── Task data ──

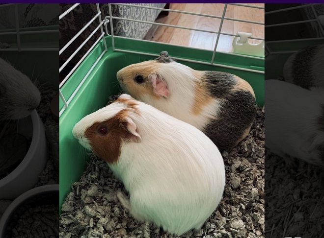 June 9, 2021: George and Theo are two young guinea pig boys looking for their forever home/s. Both are loving and friendly. Unfortunately, they were rescued from poor conditions and are now with a foster mom who has quickly come to realize that they have not bonded and should probably not be living in the same cage.
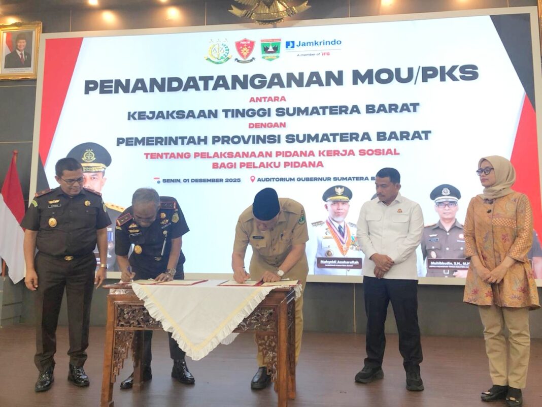 P ad ang, dutametro.com – Pemerintah Provinsi Sumatera Barat (Sumbar) menjalin kerja sama tentang pelaksanaan kerja sosial bagi pelaku tindak pidana dengan Kejaksaan Tinggi Sumbar. Penandatanganan MoU kerjasama tersebut berlangsung di Auditorium Gubernuran, Senin (1/12/2025).
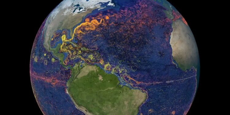 Visualisation showing the western boundary currents that form part of the Atlantic Meridional Overturning Circulation
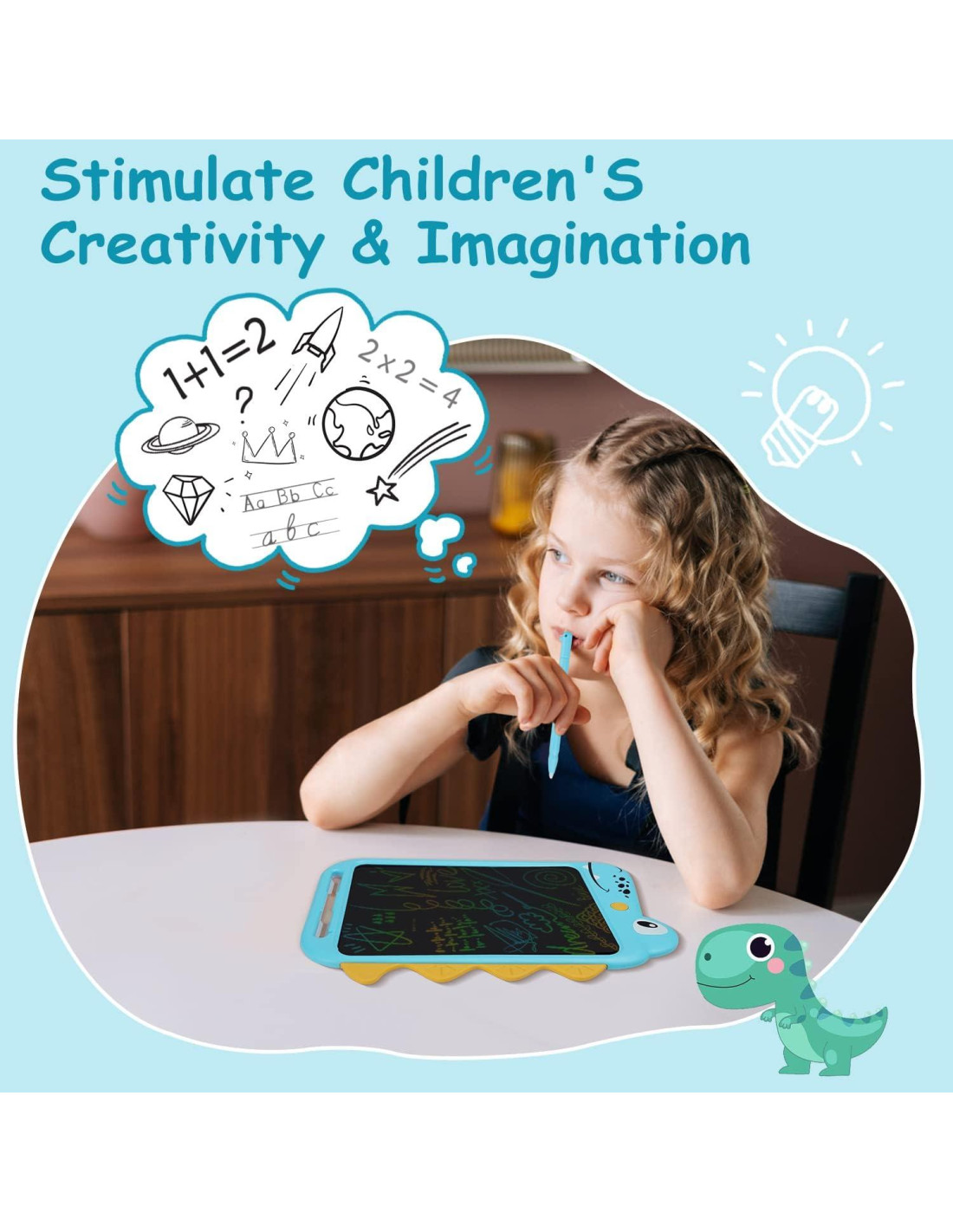 - Desata la Creatividad y Concentración de tu Niño - La tableta de escritura de dinosaurio es más que un juguete - es un cautivador tablero de garabatos que inspira a los niños de 3 a 8 años a expresar su creatividad e imaginación sin límites. Con cada trazo del stylus, tu hijo puede desarrollar la habilidad esencial de concentración, que les beneficiará en todas las áreas de sus vidas.
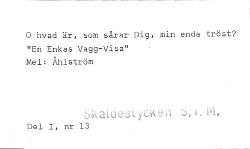 //// 0 hvad är, som sårar Dig, min enda tröst? "En Enkas Vagg-Visa" //// Mel: Åhlström //// S atues'i 1 å, //// Del I, nr 13 ////
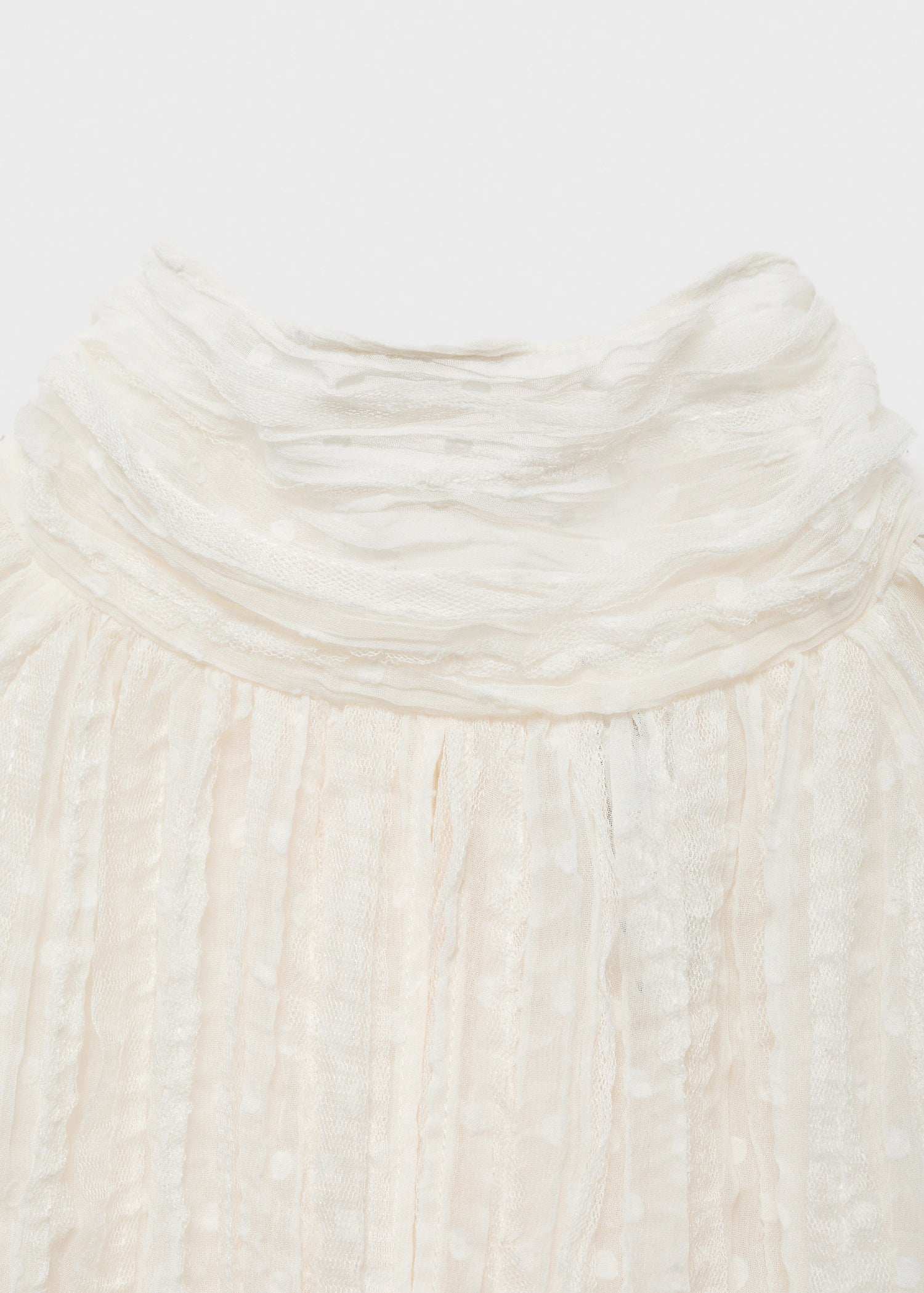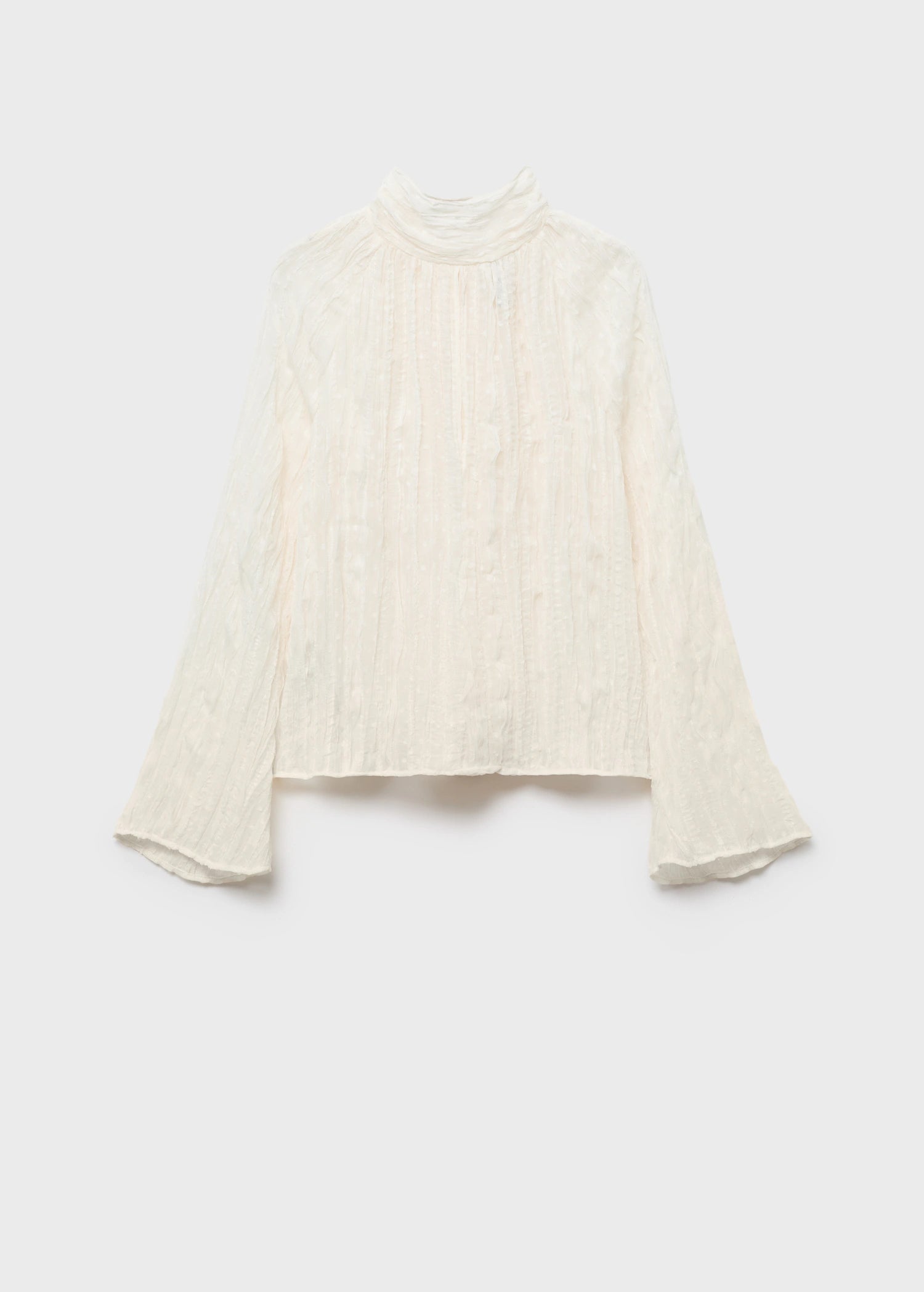 Crafted from textured fabric, this garment features a straight design complemented by a turtleneck adorned with a bow, and long flared sleeves
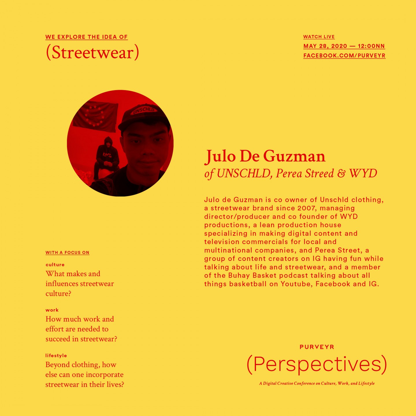 People have different definitions of streetwear. Some say it’s a subculture of skate and surf, others describe it as an intersection of fashion and music particularly hip-hop, or it was born out of the love for basketball, where you see different kinds of sneakers in and outside of the court. For some, it’s simply aesthetic, but for Julo De Guzman, “the concept of streetwear for me is simply what resonates to you, what you see in your everyday life. Whatever experience, whatever thing, and then you have a piece of platform or clothing to express that moment that resonated with you.”
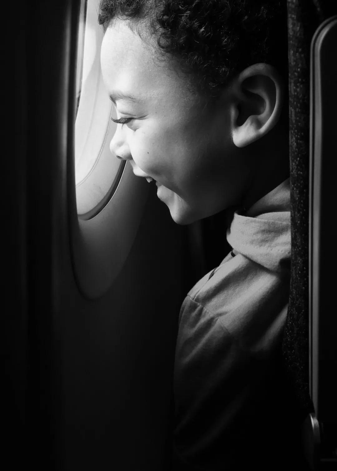 沒必要一直追求著不受阻礙的拍外面的風景,其實你也可以利用飛機的窗戶做前景,制造出框架構(gòu)圖。

───

■ What the exercise asks ■
With the images left out, output all the entries above exactly.

■ Task solution ■
 June 9, 2021: George and Theo are two young guinea pig boys looking for their forever home/s. Both are loving and friendly. Unfortunately, they were rescued from poor conditions and are now with a foster mom who has quickly come to realize that they have not bonded and should probably not be living in the same cage.
 P ad ang, dutametro.com – Pemerintah Provinsi Sumatera Barat (Sumbar) menjalin kerja sama tentang pelaksanaan kerja sosial bagi pelaku tindak pidana dengan Kejaksaan Tinggi Sumbar. Penandatanganan MoU kerjasama tersebut berlangsung di Auditorium Gubernuran, Senin (1/12/2025).
 Visualisation showing the western boundary currents that form part of the Atlantic Meridional Overturning Circulation
 - Desata la Creatividad y Concentración de tu Niño - La tableta de escritura de dinosaurio es más que un juguete - es un cautivador tablero de garabatos que inspira a los niños de 3 a 8 años a expresar su creatividad e imaginación sin límites. Con cada trazo del stylus, tu hijo puede desarrollar la habilidad esencial de concentración, que les beneficiará en todas las áreas de sus vidas.
 //// 0 hvad är, som sårar Dig, min enda tröst? "En Enkas Vagg-Visa" //// Mel: Åhlström //// S atues'i 1 å, //// Del I, nr 13 ////
 Crafted from textured fabric, this garment features a straight design complemented by a turtleneck adorned with a bow, and long flared sleeves
 People have different definitions of streetwear. Some say it’s a subculture of skate and surf, others describe it as an intersection of fashion and music particularly hip-hop, or it was born out of the love for basketball, where you see different kinds of sneakers in and outside of the court. For some, it’s simply aesthetic, but for Julo De Guzman, “the concept of streetwear for me is simply what resonates to you, what you see in your everyday life. Whatever experience, whatever thing, and then you have a piece of platform or clothing to express that moment that resonated with you.”
 沒必要一直追求著不受阻礙的拍外面的風景,其實你也可以利用飛機的窗戶做前景,制造出框架構(gòu)圖。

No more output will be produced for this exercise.